In Disney proxy battle, second firm backs Nelson Peltz


One week before a highly anticipated shareholder vote, Walt Disney Co. sustained another blow as a second advisory firm recommended that investors elect billionaire Nelson Peltz to the entertainment giant’s board of directors.

Peltz, the Trian Fund Management founder, has gained steam in the closing weeks of his proxy campaign against Disney’s board.

On Wednesday, advisory firm Egan-Jones recommended that investors dump two longtime Disney board members — Maria Elena Lagomasino and Michael B.G. Froman to make room for Peltz and his running mate, former Disney executive Jay Rasulo. Last week, the influential Institutional Shareholder Services Inc. recommended Disney investors elect Peltz to the board but withheld an endorsement for Rasulo.

Earlier, a major proxy advisory firm, Glass Lewis, recommended that shareholders vote for Disney’s slate of 12 director nominees, rejecting both Peltz and Rasulo as well as three candidates running on a competing slate from Blackwells Capital.

The contentious proxy campaign has become the latest headache for Disney Chief Executive Bob Iger.

Unlike in his first tenure, Iger has rushed to contain one brush fire after the next since he returned to the Burbank company in late 2022.

He reorganized the management structure, slashed costs and has tried to tackle several troubling trends, including accelerated pay-TV cord cutting, which has hurt Disney’s profitable linear television business. The company is still attempting to recover from COVID-19-related closures that stymied Disney’s theme parks, cruise lines and theatrical business and from the tumultuous tenure of former CEO Bob Chapek.

The Trian group holds more than $3.5 billion of Disney common stock, including the shares owned by former Marvel Entertainment Chair Ike Perlmutter.

“Disney has lost its way over the past decade. Shareholders have suffered greatly, losing tens of billions of dollars in value,” Trian has said on its Restore the Magic website. “We believe the root cause of Disney’s underperformance is a Board that lacks focus, alignment, and accountability.”

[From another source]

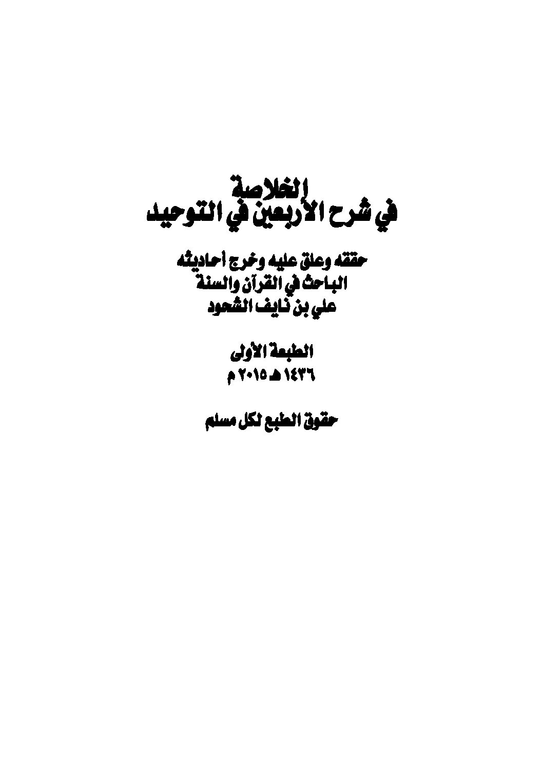 مراجعة وتقييم لـ : الخلاصة في شرح الأربعين في التوحيد

Egan-Jones agreed with some of Trian’s assessments.

“We believe that there are compelling reasons to support the Trian Nominees,” Egan-Jones said in its recommendation report, ticking off several complaints about Disney’s operations and priorities, including “the unnecessary and extremely dangerous entrance of the company and its management into the killing fields of the culture wars.”

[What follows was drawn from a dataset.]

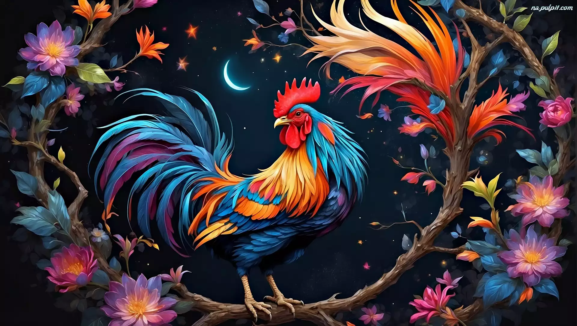 Kogut, Kolorowy, Kwiaty, Grafika Na Pulpit

Disney sparred with Florida Gov. Ron DeSantis over the state’s so-called “Don’t Say Gay” law and changes DeSantis made to Disney’s special development district in Florida.

On Wednesday, Disney and Florida reached an agreement to abandon a state court fight over Disney’s authority to develop its central Florida resort district. The settlement came after almost two years of litigation that began after DeSantis took action to topple Disney’s hand-picked district members after Disney spoke out against the Florida law that DeSantis championed.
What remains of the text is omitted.